Nasdaq believes that the proposed amendment to Rule 5315(f)(3)(D) does not affect the status of Global Select Market-listed securities under Securities Exchange Act Rule 3a51-1(a) (the “Penny Stock Rule”), [8] as the amended standards satisfy the requirements of Exchange Act Rule 3a51-1(a)(2). [9] Rule 5315(f)(3)(D) requires stockholders' equity of at least $55 million, which exceeds the requirement in SEC Rule 3a51-1(a)(2)(i)(A)(1) of $5 million. Rule 5315(f)(3)(D) also requires a minimum market capitalization of $160 million. Nasdaq believes that this meets or exceeds the requirement of SEC Rule 3a51-1(a)(2)(i)(B) that a company have a market value of listed securities of at least $50 million, although these are not identical standards. Nasdaq believes that its Global Select Market's rules will also exceed the Penny Stock Rules remaining stock price and distribution requirements. Rule 5315(e)(1) requires companies initially listing on Nasdaq to have a minimum bid price of $4 per share, thereby satisfying the $4 requirement of SEC Rule 3a51-1(a)(2)(i)(C). Rule 5315(f)(1) requires a company's securities to have either 450 round lot holders or at least 2,200 total holders, although if a company is publicly traded and has an average monthly trading volume over the prior 12 months of at least 1.1 million shares per month, it can list with 550 total holders. Nasdaq believes that these requirements are comparable to, or more stringent than, the requirement of SEC Rule 3a51-1(a)(2)(i)(D) that a security have at least 300 round lot holders, and satisfy the same objective by assuring adequate liquidity in the security. Last, SEC Rule 3a51-1(a)(2)(i)(E) requires at least 1 million publicly held shares with a market value of at least $5 million. Rule 5315(e)(2) requires all securities listing on the Nasdaq Global Select Market to have at least 1.25 million publicly held shares and Rule 5215(f)(2) requires a minimum $45 million market value of publicly held shares. As such, Nasdaq believes its initial listing standards for the Global Select Market continue to meet or exceed the requirements of the Penny Stock Rules. [10]

2. Statutory Basis

Nasdaq believes that the proposed rule change is consistent with the provisions of Section 6 of the Act, [11] in general and with Sections 6(b)(5) of the Act, [12] in particular in that it is designed to prevent fraudulent and manipulative acts and practices, to promote just and equitable principles of trade, to foster cooperation and coordination with persons engaged in regulating, clearing, settling, processing information with respect to, and facilitating transactions in securities, to remove impediments to and perfect the mechanism of a free and open market and a national market system, and, in general, to protect investors and the public interest. The proposed rule change is consistent with the investor protection objectives of the Act in that the proposed requirements modify and provide transparency to the calculation of total assets, but maintain the requirement at a level high enough so that only companies that are suitable for listing on the Global Select Market will qualify to list.

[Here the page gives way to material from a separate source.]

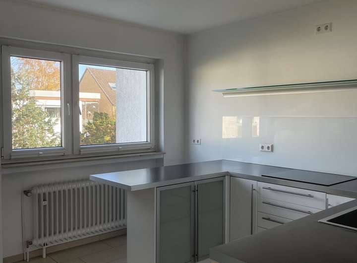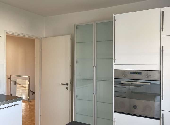 Die Wohnebene im OG umfasst außerdem eine großzügige Küche mit weißer EBK, ein neuwertiges Wannenbad sowie einen sonnigen Balkon. Parkett und großflächige Fenster unterstreichen das helle, freundliche Ambiente.

B. Self-Regulatory Organization's Statement on Burden on Competition

Nasdaq does not believe that the proposed rule change will result in any burden on competition that is not necessary or appropriate in furtherance of the purposes of the Act, as amended.

C. Self-Regulatory Organization's Statement on Comments on the Proposed Rule Change Received From Members, Participants, or Others

Written comments were neither solicited nor received.

III. Date of Effectiveness of the Proposed Rule Change and Timing for Commission Action Back to Top

Because the proposed rule change: (i) Does not significantly affect the protection of investors or the public interest; (ii) does not impose any significant burden on competition; and (iii) does not become operative for 30 days after the date of the filing, or such shorter time as the Commission may designate if consistent with the protection of investors and the public interest, the proposed rule change has become effective pursuant to Section 19(b)(3)(A) of the Act [13] and Rule 19b-4(f)(6) thereunder. [14]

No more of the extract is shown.